I suspect this issue will be localised to the work_dir variable only. With the std_out, std_err errors being due to them likely being created by appending other strings to the erroneous work_dir.

tazend commented 1 year ago

Hi,

yeah culprit is definitely work_dir, with std_err and std_out only being side-effects since the slurmctld puts the logs per default into the work-dir.

The encoding step itself should be fine, however it has likely to do with the lifetime of the char* pointer for work_dir, since this is done in the code (if no work-dir has been specified and we just use the current work dir as default, as sbatch does):

cwd = os.getcwd().encode("UTF-8", "replace")
desc.work_dir = cwd

This itself is fine, however this code is in a different function than the one actually submitting the job. By the time the function (fill_job_desc_from_opts) which contains this code is done, desc.work_dir is basically undefined, because the lifetime of desc.work_dir is tied to cwd (a python object) which has no more references and pythons garbage collector may free the memory up at any time - hence the random fails, sometimes it survives long enough, sometimes is doesn't.

You won't see this behaviour though when you explicitly specify the work_dir - the python object will live long enough since it is in the dict you are specifying on executing submit_batch_job.

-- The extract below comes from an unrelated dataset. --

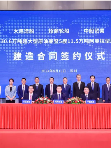 8月16日下午,招商局集团旗下招商轮船与中国船舶集团有限公司(以下简称“中国船舶集团”)旗下大连船舶重工集团公司(以下简称“大连造船”)、中国船舶工业贸易有限公司(以下简称“中船贸易”)在深圳举行5艘30.6万吨超大型原油船暨5艘11.5万吨阿芙拉型原油船建造合同签约仪式。

Anyway, in this case a quick fix in the code would be to modify the incoming dict with the user-options and manually insert the work_dir if nothing is specified, setting it to the output of getcwd and using this for encoding, as it will live long enough. Not really the nicest, since we manipulate the incoming input , but will suffice in this case. I can make a fix for it.

The long-term fix would be to restructure the job API in a way that things like these can't happen anymore (working on it)

The time option from sbatch is actually called time_limit in pyslurm.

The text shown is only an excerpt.